# EXERCISE DESCRIPTION
Reproduce exactly the lines below, from the first one through the line containing "③:县城(第一个占领可获恭喜", and omit any pictures.

# DATA BLOCK
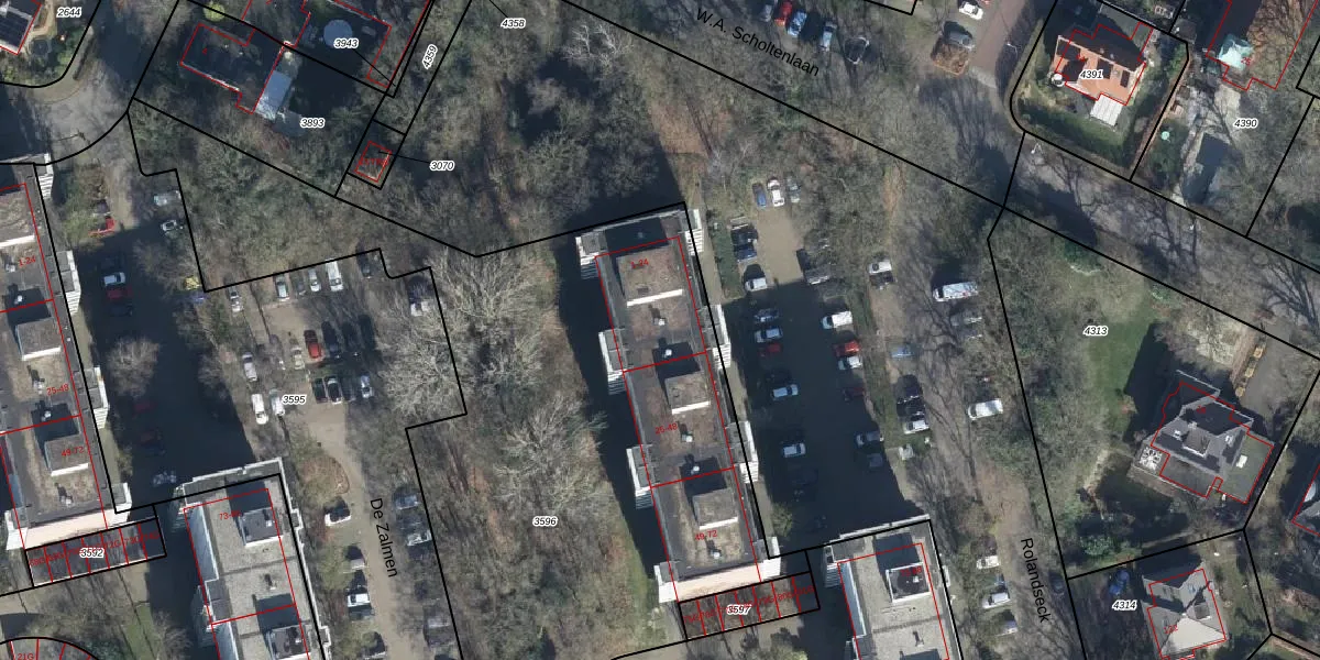 Het perceel waarop Rolandseck 13 staat heeft een oppervlakte van 3650 m². Dit is een zeer groot perceel. De perceeloppervlakte wordt geregistreerd door het Kadaster. Gedetailleerde informatie over de maten van dit perceel kunt u vinden in het rapport Kadastrale kaart met maatvoering van Rolandseck 13.
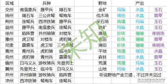 ③:县城(第一个占领可获恭喜,奖励经验和300声望):城内建筑等级30级,城外建筑等级35级,单种资源基础产值8万/小时,人口上限9万6,黄金产量9600/小时。可根据县城所在州招募各州独有特种兵。爵位要求:公乘
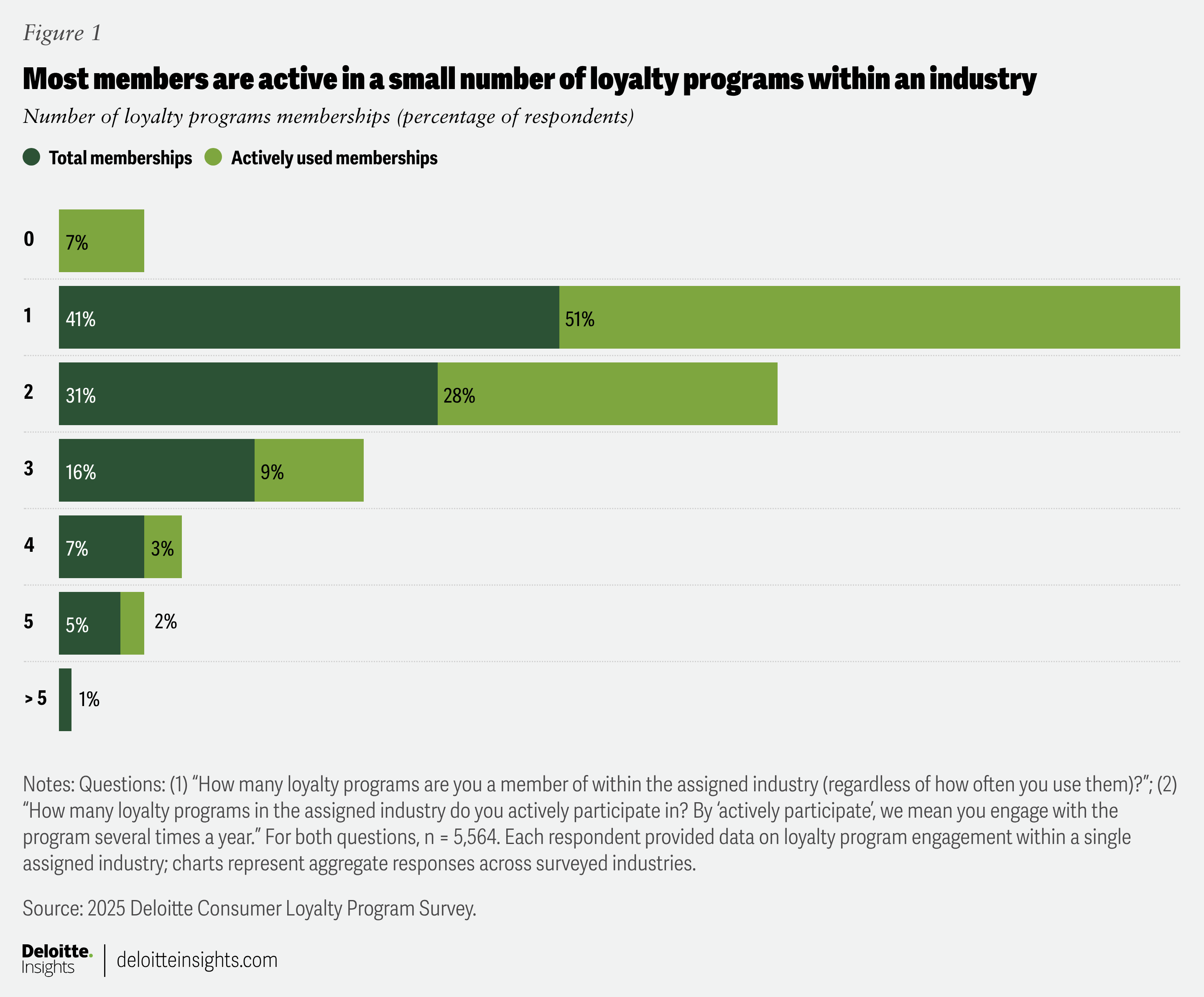 The 2025 Deloitte Consumer Loyalty Program Survey collected data from 5,564 US adults (18 years and over) who are loyalty program members. The survey, conducted from September to October 2025, was developed by Deloitte and conducted online by an independent research company. Respondents were assigned to one of seven major consumer-facing industry groups, represented by 14 underlying sectors. Industry quotas were managed at the group level, while sector samples contributed to industry-level results. The sample included airlines (n = 683); hotels (n = 679); restaurants (n = 681, including fast food and coffee shops, and casual dining); grocery, convenience, and drug stores (n = 812, including grocery stores, convenience stores, and pharmacy and drug stores); club stores (n = 675); mass retailers (n = 678); and department stores and specialty retailers (n = 1,356, including department stores, home goods and electronics stores, health, beauty, and wellness stores, apparel and footwear stores, and sports, leisure, and hobby stores).
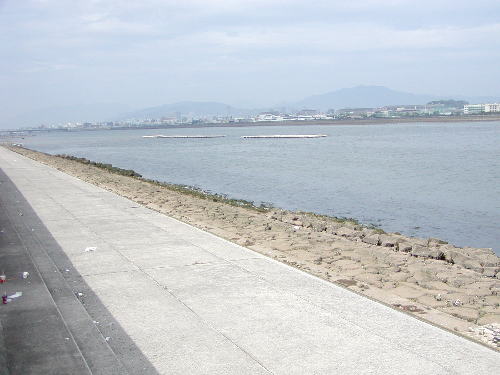 大潮の干潮時は写真中央上の太田川に浮かんでいるカキイカダ辺りまで干潟が出来ます。

# SOLUTION TO THIS PROBLEM
 Het perceel waarop Rolandseck 13 staat heeft een oppervlakte van 3650 m². Dit is een zeer groot perceel. De perceeloppervlakte wordt geregistreerd door het Kadaster. Gedetailleerde informatie over de maten van dit perceel kunt u vinden in het rapport Kadastrale kaart met maatvoering van Rolandseck 13.
 ③:县城(第一个占领可获恭喜,奖励经验和300声望):城内建筑等级30级,城外建筑等级35级,单种资源基础产值8万/小时,人口上限9万6,黄金产量9600/小时。可根据县城所在州招募各州独有特种兵。爵位要求:公乘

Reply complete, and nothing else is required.